Distributed RedissonMultiLock objects based on Redis group multiple RLock objects and treat them as a lock. Each RLock object may belong to a different Redisson instance.

RLock lock1 = redissonInstance1.getLock("lock1"); RLock lock2 = redissonInstance2.getLock("lock2"); RLock lock3 = redissonInstance3.getLock("lock3"); RedissonMultiLock lock = new RedissonMultiLock(lock1, lock2, lock3); // locks: lock1 lock2 lock3 lock.lock(); . lock.unlock();Copy the code
Persist AOF,RDB?

Bgsave does mirror full persistence and AOF does incremental persistence. Because BGSave takes a long time, is not real-time enough, and can result in massive data loss during downtime, AOF is needed to work with it. When the Redis instance is restarted, memory is rebuilt using the BGSave persistence file and the aOF is used to replay the recent operation instructions to verify the state before the full recovery restart.

RDB

RDB file format is compact and convenient for data recovery. When saving RDB file, the parent process will fork out a child process to complete the specific persistence work, maximizing redis performance and restoring large data sets faster. Backup operation can only be triggered when manually submitting save command or close command.

AOF

AOF records each write operation to the server (default 1s write once), save data more complete, in redis restart is to replay these commands to recover data, high operation efficiency, less failure loss of data, but the file size is larger;

bgsaveThe principle of

The fork and the cow. Cow refers to copy on write. After the child process is created, the parent process shares the data segment, and the parent process continues to provide read and write services. The written page data is gradually separated from the child process.

Persistent scheme

AOF and RDB persistence

Need from RedisExample find a list of keys with a particular prefix out of thousands of keys?

SCAN vs KEYS

Keys is used to list all keys that meet the rules for a particular regular string.

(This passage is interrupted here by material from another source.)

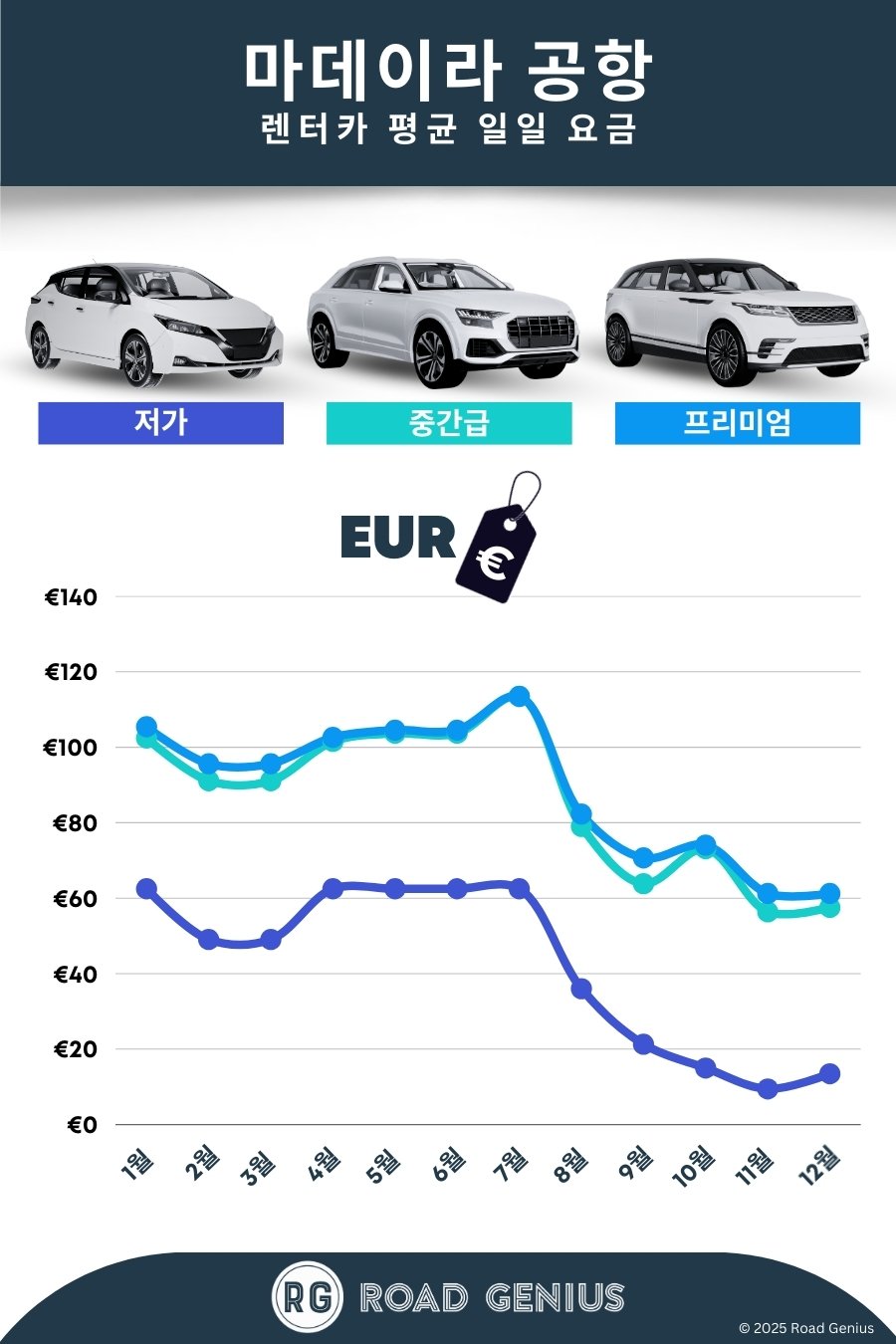 온라인 사전 예약 및 비교: 온라인으로 미리 예약하면 현장 예약보다 30–50% 저렴합니다. 여러 렌터카 브랜드, 차종, 픽업 장소의 가격을 꼼꼼히 비교하는 것이 좋습니다.

Scan has the following characteristics compared with Keys:

  • The complexity is also O(n), but it is done in steps by cursor and does not block the thread;
  • The limit argument controls the maximum number of results returned at a time. Limit is just a hint of an incremental iteration command that returns as many or as few results as possible.
  • Like Keys, it provides pattern matching;
  • The server does not need to store state for the cursor. The only state of the cursor is the cursor integer returned by SCAN to the client.
  • It is important that the results returned may be duplicated and need to be repeated by the client;
  • If data is modified during traversal, it is uncertain whether the modified data can be traversed.
  • A single return that is empty does not mean the traversal is over, but that the returned cursor value is zero
RedisLocate the big Key

–bigkeys -i 0.1 can add a sleep parameter

# Scanning the entire keyspace to find biggest keys as well as # average sizes per key type. You can use -I 0.1 to sleep 0.1 SEC # per 100 SCAN commands (not usually needed). [00.00%] Biggest string found so far 'key316' with 3 bytes [00.00%] Biggest string found so far 'key7806' with 4 bytes [12.79%] Biggest zset found so far 'salary' with 1 members [13.19%] Biggest string found so far 'counter:__rand_int__' with 6 bytes [13.50%] Biggest hash found so far 'websit' Biggest set found so far 'BBS' with 3 members [14.67%] Biggest hash found so far 'website' with 3 Fields [30.41%] Biggest list found so far 'mylist' with 100000 items [95.53%] Biggest zset found so far 'page_rank' with 3 members -------- summary ------- Sampled 10019 keys in the keyspace! Total key length in bytes is 68990 (AVg len 6.89) Biggest string found 'counter: __rand_INt__ 'has 6 bytes Biggest list found 'mylist' has 100000 items Biggest set found 'bbs' has 3 members Biggest hash found 'website' has 3 fields Biggest Zset found 'page_rank' has 3 members 10011 strings with 38919 bytes (99.92% of keys, Avg size 3.89) 3 Lists with 100003 items (00.03% of keys, AVG size 33334.33) 1 sets with 3 members (00.01% of keys, Avg size 3.00) 2 hashs with 5 fields (00.02% of keys, AVg size 2.50) 2 zsets with 4 members (00.02% of keys, Avg size 2.00)Copy the code
Viewing Slow Logs

SLOWLOG subcommand [argument]

Subcommands include:

  • getUsage:slowlog get [argument]Gets the number of slow logs specified in the argument argument.
  • lenUsage:slowlog len, the total number of slow logs.
  • resetUsage:slowlog resetTo clear slow logs.
Exception message queue

lpush queueabc bytedance tencent netease souho 360

brpop queueabc 10

Blpop/brpop.

Both instructions are prefixed with the b character that stands for blocking.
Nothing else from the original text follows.